Machine learning can assist with multiple tasks during systematic reviews to facilitate the rapid retrieval of relevant references during screening and to identify and extract information relevant to the study characteristics, which include the PICO elements of patient/population, intervention, comparator, and outcomes. The latter requires techniques for identifying and categorising fragments of text, known as named entity recognition.
A publicly available corpus of PICO annotations on biomedical abstracts is used to train a named entity recognition model, which is implemented as a recurrent neural network. This model is then applied to a separate collection of abstracts for references from systematic reviews within biomedical and health domains. The occurrences of words tagged in the context of specific PICO contexts are used as additional features for a relevancy classification model. Simulations of the machine learning-assisted screening are used to evaluate the work saved by the relevancy model with and without the PICO features. Chi-squared and statistical significance of positive predicted values are used to identify words that are more indicative of relevancy within PICO contexts.

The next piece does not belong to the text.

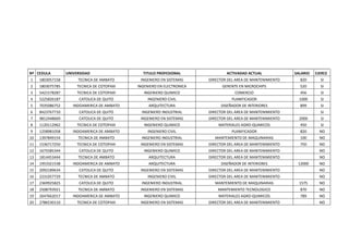 El documento lista 20 registros que incluyen el número de cédula, universidad, título profesional, actividad actual, salario e indica si ejerce o no la profesión de cada persona. La mayoría de las personas ejercen cargos directivos o de mantenimiento y sus salarios varían entre los 100 a 2000 dólares.
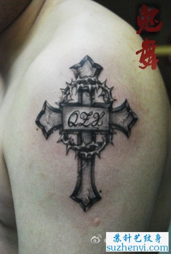 手臂十字架与字母纹身_十字架纹身图案大全_纹身图吧

Inclusion of PICO features improves the performance metric on 15 of the 20 collections, with substantial gains on certain systematic reviews. Examples of words whose PICO context are more precise can explain this increase.
Words within PICO tagged segments in abstracts are predictive features for determining inclusion. Combining PICO annotation model into the relevancy classification pipeline is a promising approach. The annotations may be useful on their own to aid users in pinpointing necessary information for data extraction, or to facilitate semantic search.